HOUSE COMMITTEE SUBSTITUTE FOR

HOUSE BILL NO. 1634

97TH GENERAL ASSEMBLY

5701H.02C                                                                                                                                                 D. ADAM CRUMBLISS, Chief Clerk


 

AN ACT

To repeal sections 407.826 and 407.828, RSMo, and to enact in lieu thereof two new sections relating to motor vehicle franchise practices.



 

Be it enacted by the General Assembly of the state of Missouri, as follows:


            Section A. Sections 407.826 and 407.828, RSMo, are repealed and two new sections enacted in lieu thereof, to be known as sections 407.826 and 407.828, to read as follows:

            407.826. 1. (1) A franchisor shall be prohibited from owning or operating a new motor vehicle dealership in this state. It is not a violation of this section for a franchisor to own or operate a new motor vehicle dealership:

            (a) For a temporary period of not more than twenty-four months if the dealership is for sale at a reasonable price and on reasonable terms and conditions to an independent qualified buyer. On showing by a franchisor of good cause, the time limit set forth above may be extended for an additional period of up to twelve months; or

            (b) In a bona fide relationship with an independent person (i) who is required to make a significant investment in the new motor vehicle dealership subject to loss and (ii) operates the dealership and can reasonably expect to acquire full ownership of the dealership within a reasonable time and under reasonable terms and conditions.

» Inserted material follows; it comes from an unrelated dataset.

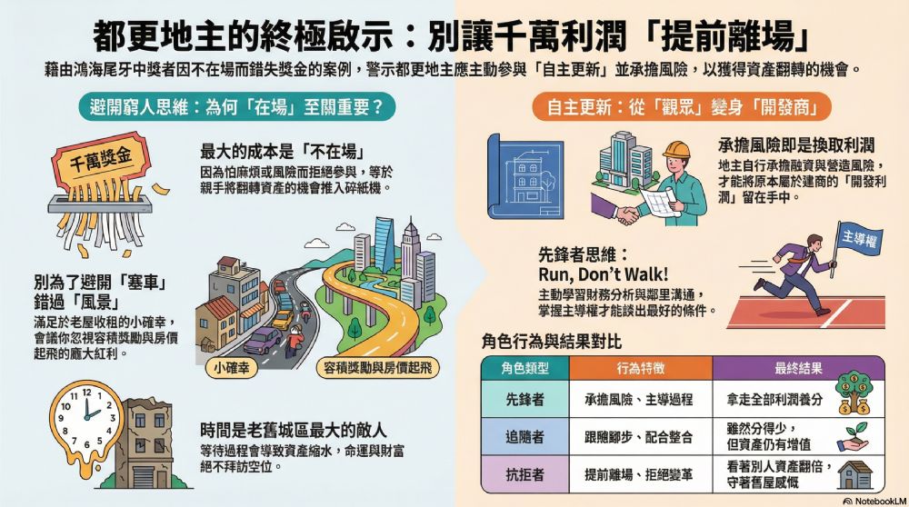 這兩天,全台灣最讓人扼腕的新聞,莫過於鴻海尾牙那四位「與千萬獎金擦身而過」的員工。 中獎名字亮在大螢幕上,全場沸騰,結果主人竟然因為「怕塞車」、「想提早回家休息」、「覺得三萬分之一沒機會」而提前離場。主持人的那句「不在現場,下一位」,成了這四個人此生最昂貴的代價。 看到這則新聞,站長第一個聯想到的不是運氣,而是我們在推動「自主更新」時,那些猶豫不決、提前離場,或是因為害怕風險而把主導權拱手讓人的地主們,許多人明明連抽籤都不用抽,就可中一千萬,卻仍因為怕麻煩、沒信心、懶得做,最終讓一千萬元成了過路財神,真不知老屋的地主們,到底在為誰辛苦為誰忙?僅僅一念之差,就喪失了讓家人可以站在巨人肩膀上的機會。 1. 窮人思維與先鋒者眼光的對決:16,888 與千萬元的距離 鴻海尾牙有「保底獎金」,就像許多地主對老屋的心態:「反正還能住,收租也穩穩的,這是不虧的小確幸。」 這就是典型的陷阱。當你滿足於現狀的「小確幸」(老屋現有的殘值),你就會為了避開一點點麻煩(都更的繁瑣、資金的籌措、整合的陣痛),而選擇「提前離場」。 但在都更的世界裡,最大的成本不是承擔風險,而是「不在場」。 當政府釋出高額容積獎勵、當房地產趨勢起飛、當鄰里都在覺醒時,你因為「怕麻煩」而拒絕參與,或因為「怕承擔」而只願當個被動的追隨者,這就是親手把翻轉階級的「千萬大獎」,推進了碎紙機。 2. 自主更新:想領「開發利潤」,你就不能只是觀眾 為什麼鴻海要加碼三億?因為他們抓住了 AI 的巨浪,他們在最前線「在場」。 同樣的道理,自主更新就是地主自己跳下來當「開發商」。 很多地主會說:「建商賺太多了!」但你是否有想過,建商賺的是「承擔風險的錢」。如果你想要分享那份豐厚的利潤,你就必須像黃仁勳說的:「Run, don't walk!」你得自己跑起來。 自主更新的利潤之所以迷人,是因為地主自己承擔了融資、營造、銷售的風險。 「最好的條件,是談出來的;最高的利潤,是承擔出來的。」 如果你因為害怕負擔、害怕過程中的校正與修改而選擇把主導權交給別人,那你就像是領了保底獎金就提前回家的員工,看著別人在台上領走屬於你的那一千萬。 3. 命運不拜訪「空椅子」:時間是老屋最大的敵人 那四位員工因為「怕塞車」而錯過一千萬。 而在老城區,許多地主因為「怕都更程序太長」、「怕鄰居不好搞」而選擇等待。 結果呢?年輕人外流到重劃區,老城區日益窳陋,你的資產在等待中一天天縮水。「等待」就是一種慢性的「提前離場」。 命運與財富是非常勢利的,它從不拜訪空椅子。當最好的政策時機(如危老獎勵、都更稅優)出現時,如果你人不在戰場上、如果你不願意成為那位「先鋒者」,獎勵就會流向隔壁那個已經動起來的社區。 4. 給地主的心理建設:在場的人,才拿得到入場券 我知道,自主更新這條路很累,就像在尾牙現場待到半夜一樣疲憊。 你需要面對財務分析的數字、需要面對鄰里的溝通、需要面對營造成本的波動。這確實是一場「掙扎」與「考驗」。 但請記住: 先鋒者: 承擔風險,主導過程,最後拿走全部的利潤養分。 追隨者: 跟著腳步,雖然分得少,但至少還在場內。 抗拒者: 提前離場,看著別人資產翻倍,最後只能在破舊的老屋裡,感慨「早知道當年……」。 總結:別為了避開塞車,錯過了風景 鴻海那四位員工的故事給了地主一個最慘烈的教訓:不管過程多無聊、多辛苦,請你死皮賴臉地待在現場。 自主更新雖然要承擔開發風險,但那正是「知識力」與「財富力」結合的最高層次。不要為了避開那一點點的心理負擔,而錯過了改變家族命運的機會。 城市的翻轉不等人,獎勵的燈號隨時會跳轉。 請保持在場。因為只有在場的人,才有資格在命運喊出你名字時,大聲回應:「我在這裡!」 站長真心話: 想要自主更新的利潤,就得有先鋒者的覺悟。如果您願意承擔、願意學習,我們這群專業的幕僚,就是您在現場堅持到最後的最強後盾。別讓您的千萬利潤,因為「提前離場」而變成別人的故事。都更地主的終極啟示:四個一千萬過場得主  都更地主的終極啟示:四個一千萬過場得主  都更地主的終極啟示:四個一千萬過場得主  都更地主的終極啟示:四個一千萬過場得主  都更地主的終極啟示:四個一千萬過場得主  都更地主的終極啟示:四個一千萬過場得主 歡迎加入站長的LINE,共同點亮一根蠟燭: 歡迎加入「都更之家」共學! 站長的都更良心書:如何創造都更多贏! https://www.books.com.tw/products/0010994487?srsltid=AfmBOooGxI-BX3b3qwHck9uoT7xnD4QuooGF9fu-U5pqoNO-S6bfdwzE
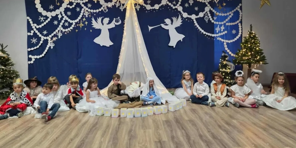 Swoje umiejętności artystyczne zaprezentowały dzieci z grupy trzeciej "Malinki". Mali artyści wystąpili w przygotowanym programie jasełkowym, który obejmował recytacje, śpiew kolęd oraz elementy inscenizacji związanej z tematyką Bożego Narodzenia.

            (2) Nothing in this section shall be deemed to prohibit a franchisor from owning a minority interest in an entity that owns motor vehicle dealerships of the same line-make manufactured and franchised by the factory, provided that all of the following conditions are met at the time of acquisition and continue to be met during the time the entity maintains ownership:

            (a) The interest owned by the factory in said entity shall not exceed forty-five percent of the total ownership;

            (b) Any dealership in which the entity owns an interest shall be located no less than [nine miles of] the distances set forth in section 407.817 from any unaffiliated new motor vehicle dealership trading in the same line-make of vehicle;

            (c) All of the licensed dealerships for the sale of such factory's new motor vehicle in the state trade exclusively in the factory's line-make;

            (d) During any period in which the entity has such ownership interest, the factory shall have no more than four franchise agreements governing such line-make with dealers licensed to do business in this state;

            (e) All the factory's franchise agreements confer rights on the franchisee of the line-make to develop and operate, within a defined geographic territory or area, as many dealership facilities as the franchisee and factory shall agree are appropriate;

            (f) At the time the entity first acquires an ownership interest, not fewer than seventy-five percent of the franchisees of the line-make within this state own and operate two or more dealership facilities in the geographic territory or area covered by the franchise agreement with the factory;

            (g) As of January 1, 2001, there were no more than ten dealerships of such line-make licensed as a new motor vehicle dealer in this state; and

            (h) Prior to August 28, 2001, the factory has been continuously engaged, at least since July 1, 1998, in the retail sale of motor vehicles of its own line-make through direct or indirect ownership of dealerships in at least five states.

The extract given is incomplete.